*** MATERIAL FOR THE TASK Section Begins ***

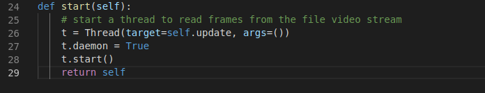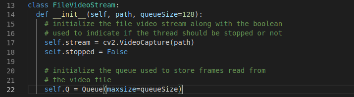 Khởi tạo đối tượng FileVideoStream và bắt đầu chuỗi đọc frame (Dòng 19).
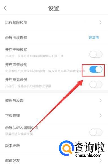 将开启声音录制选项的开关打开即可在录制的时候录制音频。
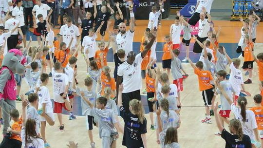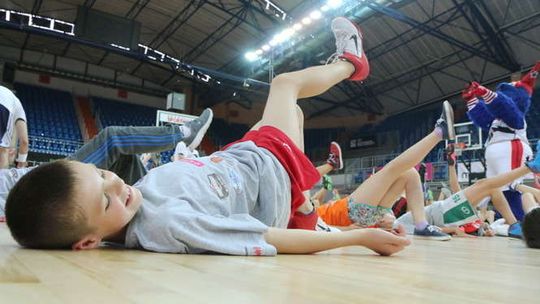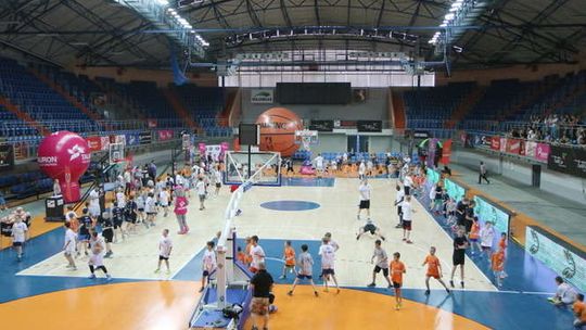 Podczas Marcin Gortat Camp w Lublinie odbyły się treningi dla dzieci w wieku 9-13 lat, klinika Junior NBA dla młodzieży w wieku 14-17 lat oraz turniej koszykówki ulicznej "Streetball z mistrzem". Fot. Maciej Kaczanowski
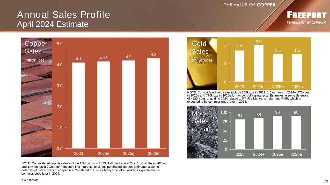 ▪Consolidated sales are expected to approximate 4.15 billion pounds of copper, 2.0 million ounces of gold and 84 million pounds of molybdenum for the year 2024, including 1.0 billion pounds of copper, 500 thousand ounces of gold and 21 million pounds of molybdenum in second-quarter 2024.
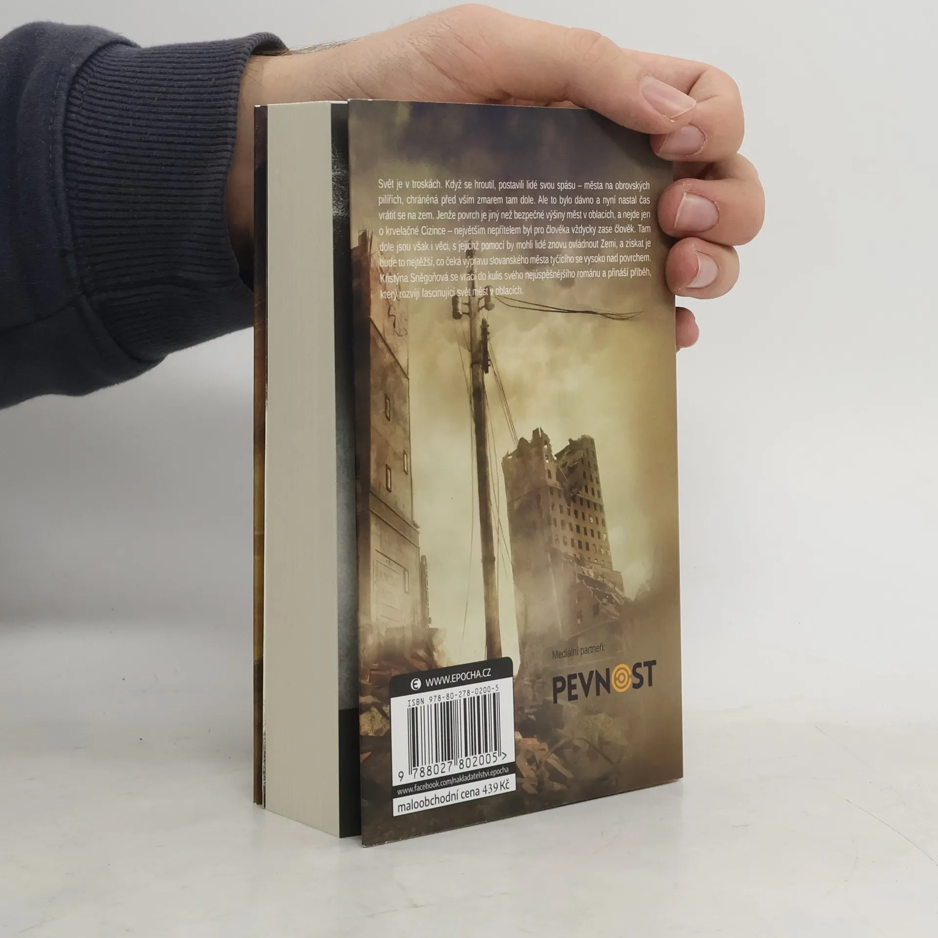 Svět je v troskách. Když se hroutil, postavili lidé svou spásu – města na obrovských pilířích, chráněná před vším zmarem tam dole. Ale to bylo dávno a nyní nastal čas vrátit se na zem. Jenže povrch je jiný než bezpečné výšiny měst v oblacích, a nejde jen o krvelačné Cizince – největším nepřítelem byl pro člověka vždyckyzase člověk. Tam dole jsou však i věci, s jejichž pomocí by mohli lidé znovu ovládnout Zemi, a získat je bude to nejtěžší, co čeká výpravu slovanského města tyčícího se vysoko nad povrchem. Kristýna Sněgoňová se vrací do kulis svého nejúspěšnějšího románu a přináší příběh, který rozvíjí fascinující svět měst v oblacích.

*** MATERIAL FOR THE TASK Section Ends ***

*TRY IT*:
Your copy should match the records above word for word, but without images.

*EXERCISE RESULT*:
 Khởi tạo đối tượng FileVideoStream và bắt đầu chuỗi đọc frame (Dòng 19).
 将开启声音录制选项的开关打开即可在录制的时候录制音频。
 Podczas Marcin Gortat Camp w Lublinie odbyły się treningi dla dzieci w wieku 9-13 lat, klinika Junior NBA dla młodzieży w wieku 14-17 lat oraz turniej koszykówki ulicznej "Streetball z mistrzem". Fot. Maciej Kaczanowski
 ▪Consolidated sales are expected to approximate 4.15 billion pounds of copper, 2.0 million ounces of gold and 84 million pounds of molybdenum for the year 2024, including 1.0 billion pounds of copper, 500 thousand ounces of gold and 21 million pounds of molybdenum in second-quarter 2024.
 Svět je v troskách. Když se hroutil, postavili lidé svou spásu – města na obrovských pilířích, chráněná před vším zmarem tam dole. Ale to bylo dávno a nyní nastal čas vrátit se na zem. Jenže povrch je jiný než bezpečné výšiny měst v oblacích, a nejde jen o krvelačné Cizince – největším nepřítelem byl pro člověka vždyckyzase člověk. Tam dole jsou však i věci, s jejichž pomocí by mohli lidé znovu ovládnout Zemi, a získat je bude to nejtěžší, co čeká výpravu slovanského města tyčícího se vysoko nad povrchem. Kristýna Sněgoňová se vrací do kulis svého nejúspěšnějšího románu a přináší příběh, který rozvíjí fascinující svět měst v oblacích.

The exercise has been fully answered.